## PROBLEM STATEMENT:
When you reach the line with "ご入居者様のプライバシーをよ" in the records below, begin transcribing exactly and continue up to and including the line with "Charming 3/2 den+loft", leaving out every picture.

[DATA UNDER STUDY]

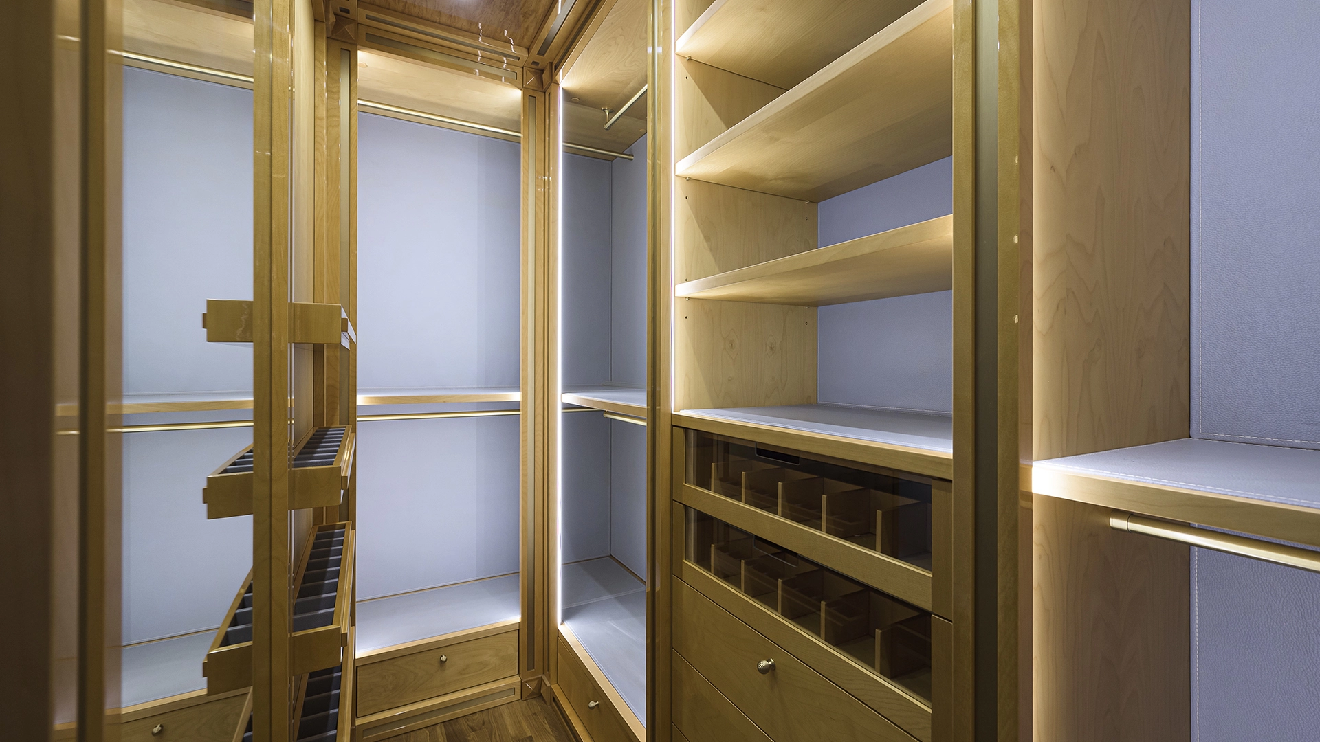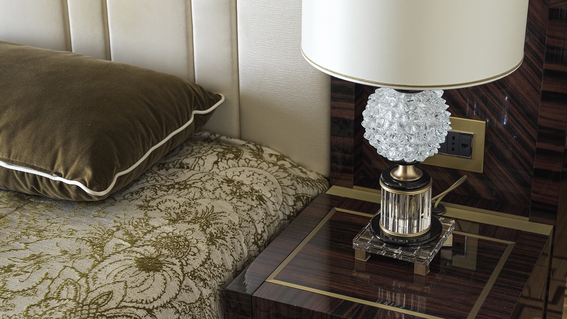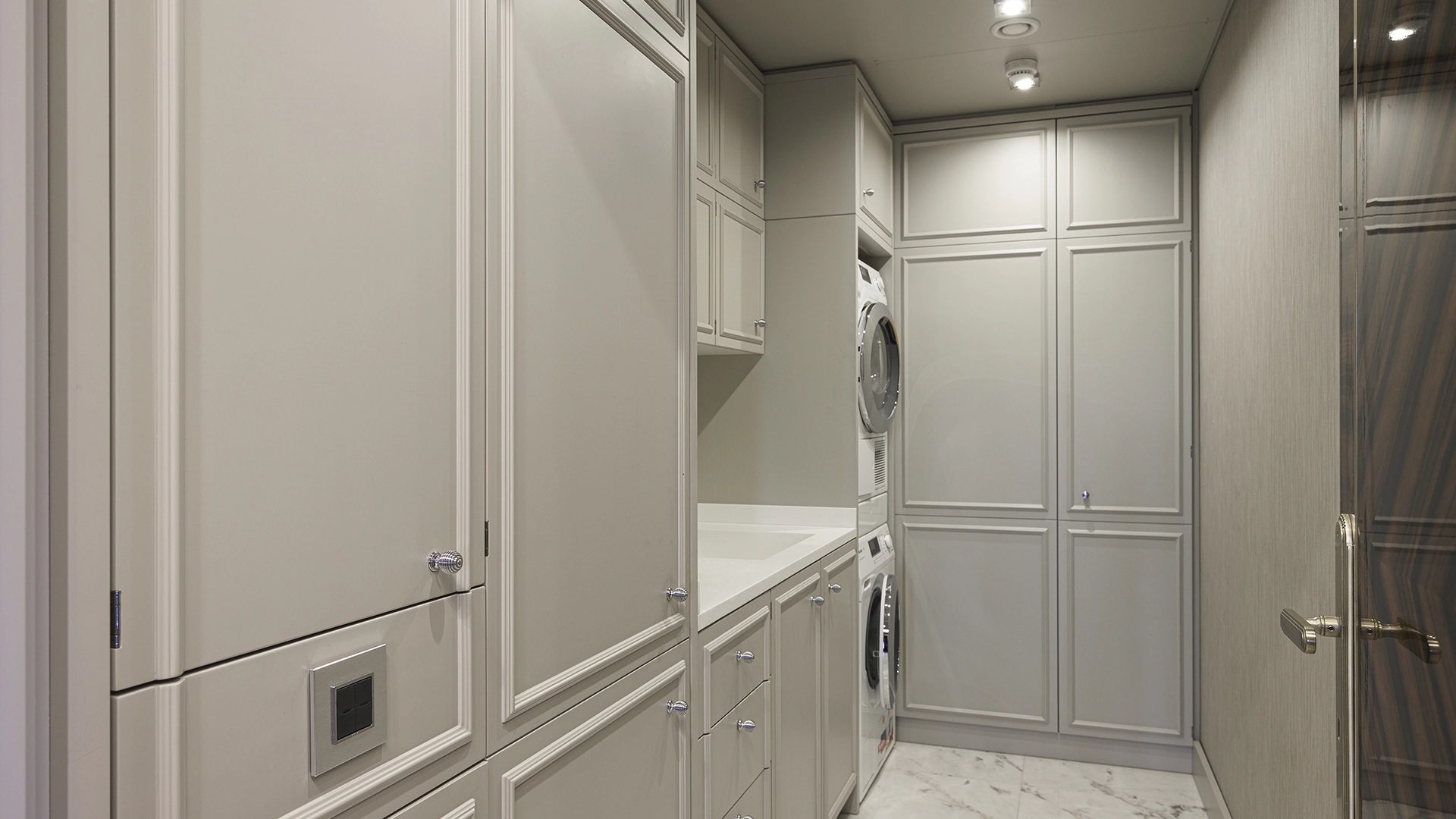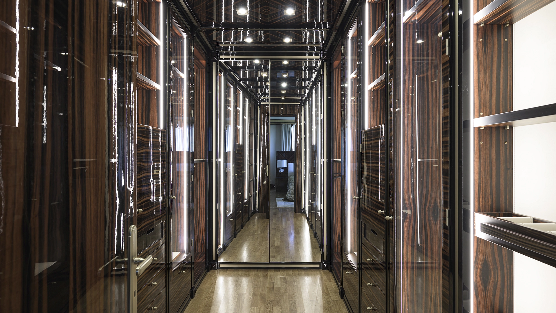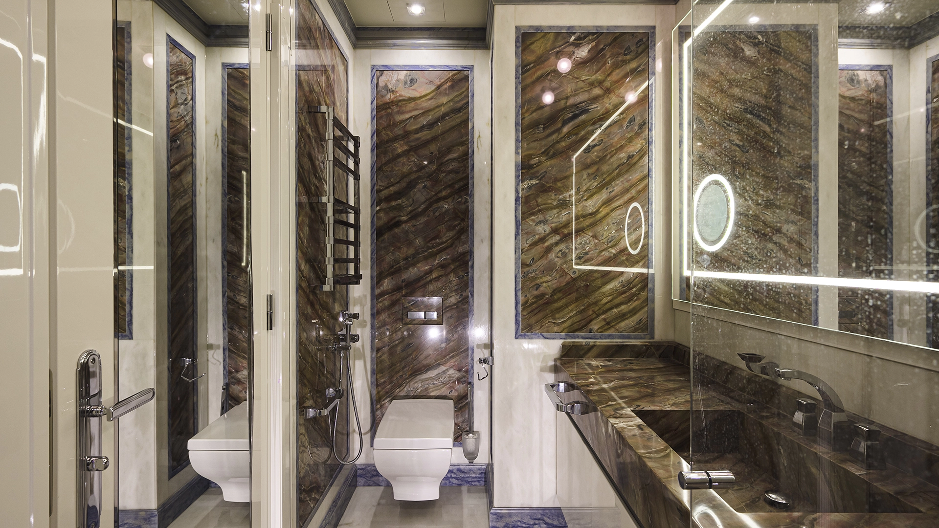 Designer apartment of 257 m² with interior by Italian design bureau Andrea Mingotti in a premium-class house Lake House on the bank of Mosfilmovsky pond in the south-west of Moscow. Premium materials, natural leather, ebony, bronze, brass, natural stone - onyx, marble, quartz, agate - are used in the finishing. The windows offer mesmerizing views of Mosfilmovsky pond, Victory Park and the skyscrapers of Moscow City.
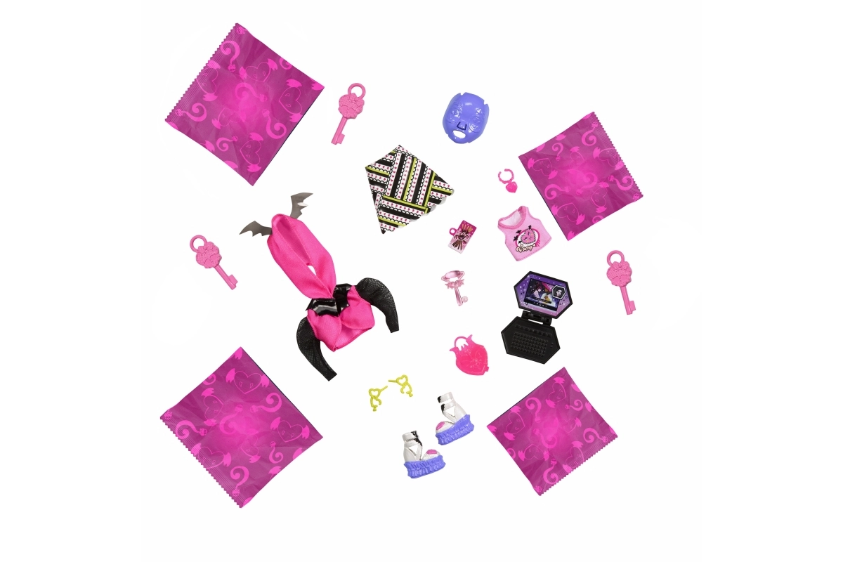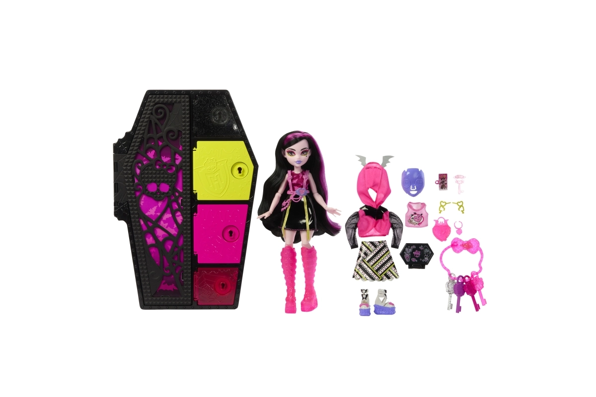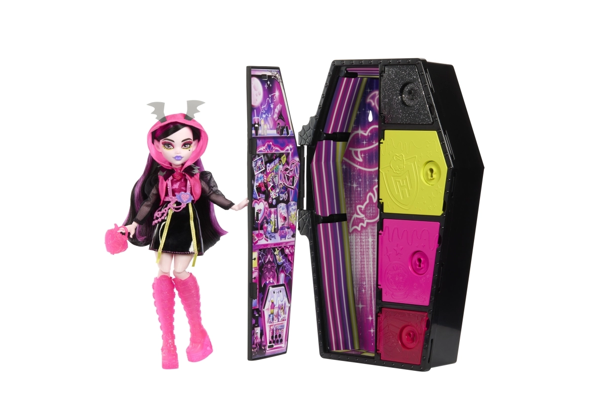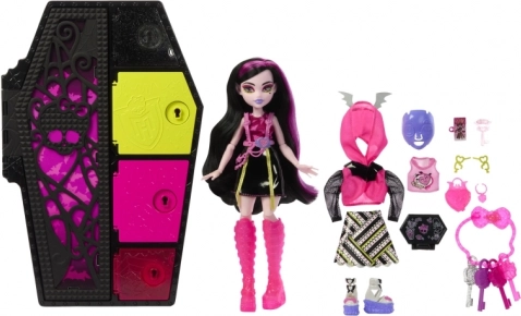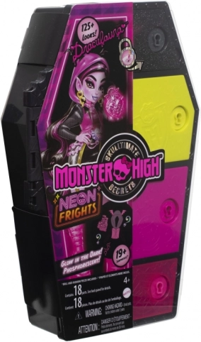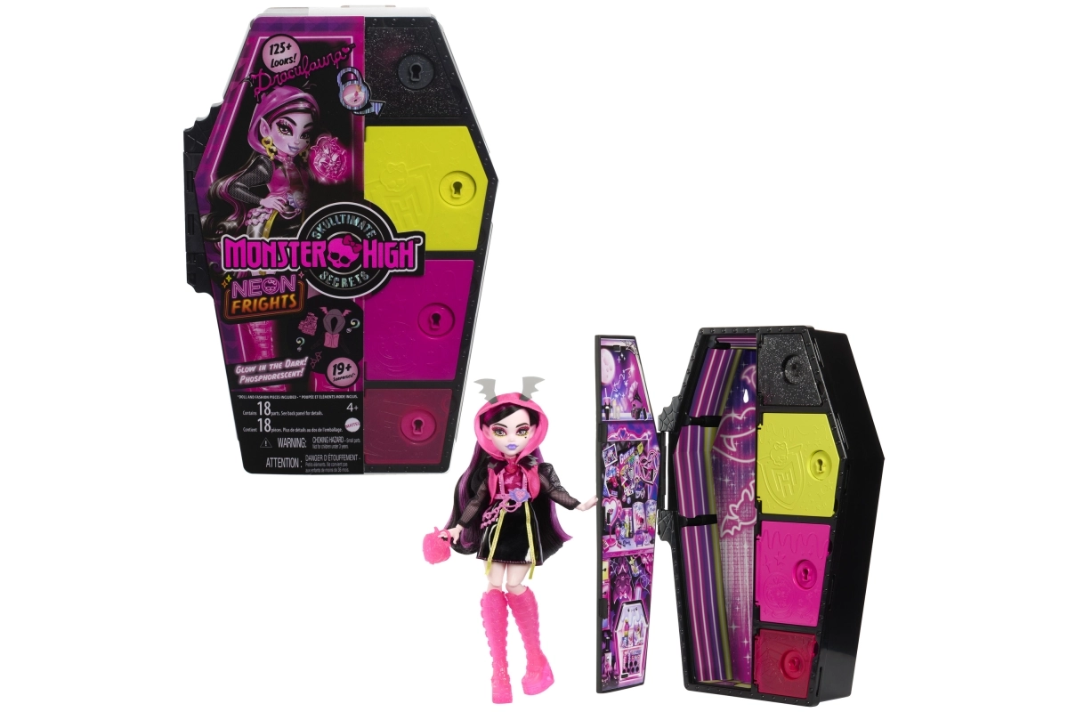 Edice Neon vrací oblíbené Skulltimate Secrets v ještě zářivějším provedení. Uvnitř stylové skříňky ve tvaru rakve čeká panenka s bohatou výbavou, efekty měnícími barvu a doplňky, které ve tmě září. Hraní tak získává nový rozměr atmosféry a fantazie.
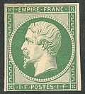 ESSAIS. (*) Empire. 1f vert, recto-verso, tangent au filet en bas, TB d'aspect (cote Yvert) |
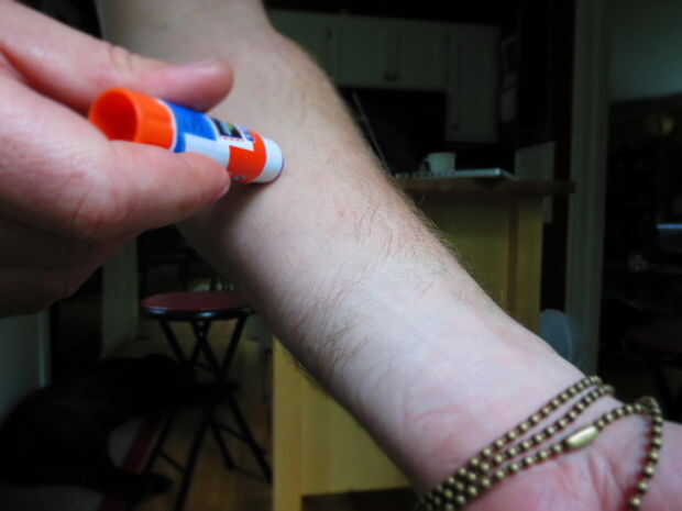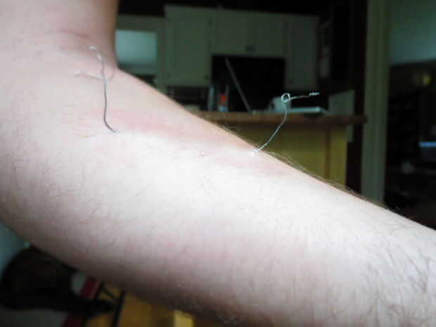 Es tan simple como aplicar pegamento a la piel, dejándola secar hasta hortera, aplicar el objeto y pellizcando la piel cerrada.
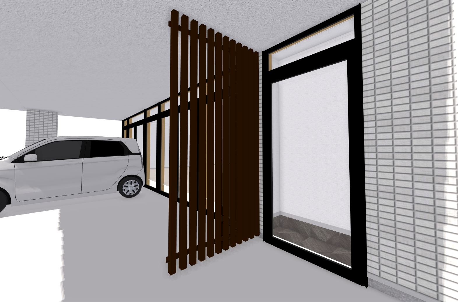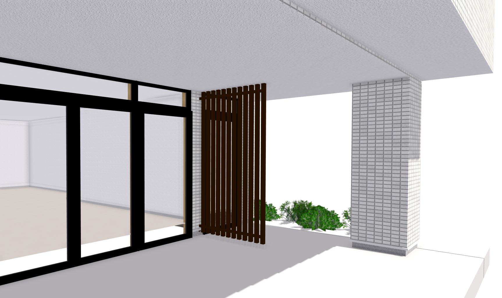 ご入居者様のプライバシーをより保護するために、通常のエントランス入口に隣接して、ルーバーの袖壁を設置するという御提案をさせて頂きました。
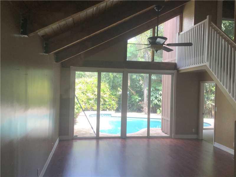 Charming 3/2 den+loft Townhome w/private pool on culdesac in desirable Palm-Aire. Plenty of character. Exposed wood beams, high vaulted ceiling, Granite counters & black kitchen appliances; Pergo & carpet floors, Den/guest bedrms on 1st floor, Master upst rs w/loft & sitting room. Patio wood decking, large yard & lots of foliage w/fruit trees makes it a cozy place to call home. Shed on site w/room for garden. Community dog park. Near Turnpike & I95. Minutes to shopping & dining; 30 mns Ft Laud Airport.
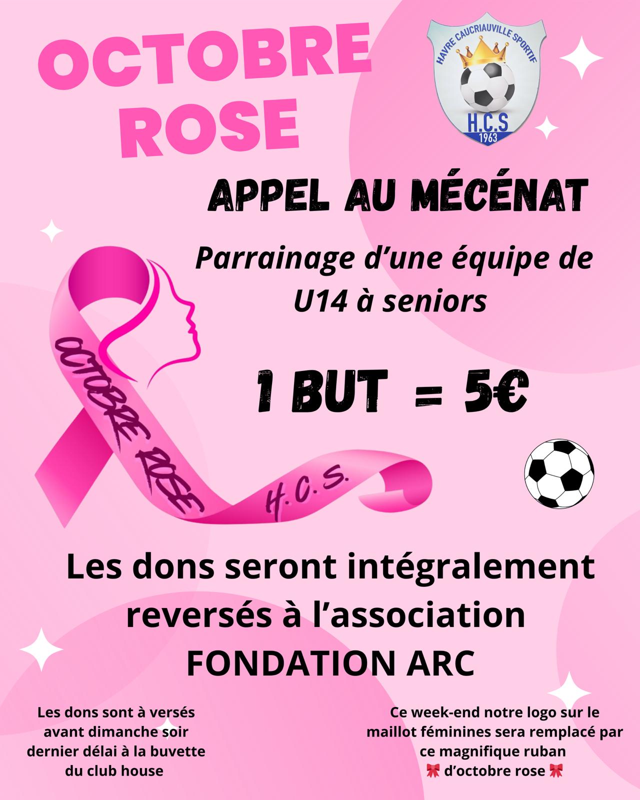 Le club organise un appel au mécénat dont l’ensemble des bénéfices sera reversé à la Fondation ARC. Chaque mécène pourra parrainer une équipe foot à 11 des U14 jusqu’aux séniors et s’engagera à verser 5€ par but marqué par l’équipe choisie durant le week-end du 18 au 19 octobre.

[/DATA UNDER STUDY]

## RESULT:
 ご入居者様のプライバシーをより保護するために、通常のエントランス入口に隣接して、ルーバーの袖壁を設置するという御提案をさせて頂きました。
 Charming 3/2 den+loft Townhome w/private pool on culdesac in desirable Palm-Aire. Plenty of character. Exposed wood beams, high vaulted ceiling, Granite counters & black kitchen appliances; Pergo & carpet floors, Den/guest bedrms on 1st floor, Master upst rs w/loft & sitting room. Patio wood decking, large yard & lots of foliage w/fruit trees makes it a cozy place to call home. Shed on site w/room for garden. Community dog park. Near Turnpike & I95. Minutes to shopping & dining; 30 mns Ft Laud Airport.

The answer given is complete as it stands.